(INPUT):
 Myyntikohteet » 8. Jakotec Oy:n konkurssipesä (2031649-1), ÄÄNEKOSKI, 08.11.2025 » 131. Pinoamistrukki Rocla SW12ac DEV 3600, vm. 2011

--

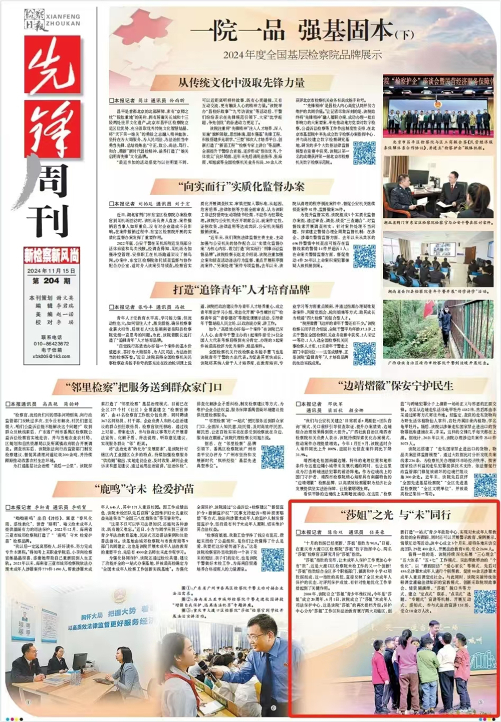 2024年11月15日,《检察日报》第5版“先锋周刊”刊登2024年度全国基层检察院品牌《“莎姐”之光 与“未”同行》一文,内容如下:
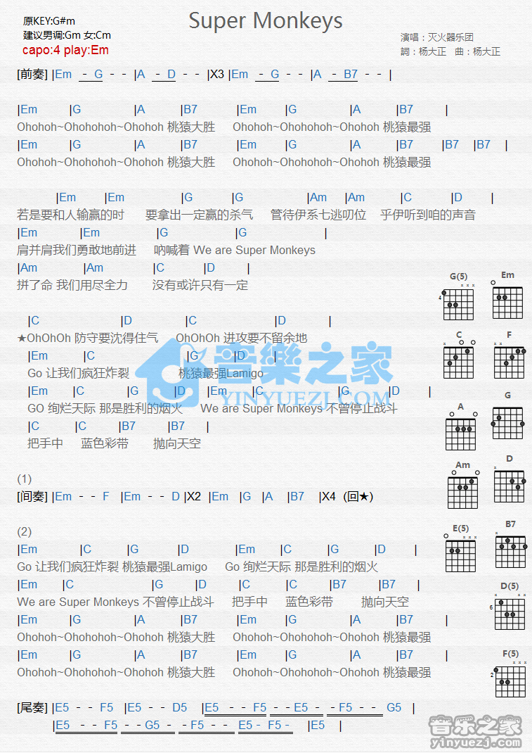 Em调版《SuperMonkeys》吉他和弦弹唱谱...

(TASK OBJECTIVE): Above, find the line holding "2024年11月15日,《检" and the line holding "Em调版《SuperMonkeys》吉他和弦弹唱谱...". Print exactly those two lines and every line between them, but no pictures.

(SOLUTION BELOW):
 2024年11月15日,《检察日报》第5版“先锋周刊”刊登2024年度全国基层检察院品牌《“莎姐”之光 与“未”同行》一文,内容如下:
 Em调版《SuperMonkeys》吉他和弦弹唱谱...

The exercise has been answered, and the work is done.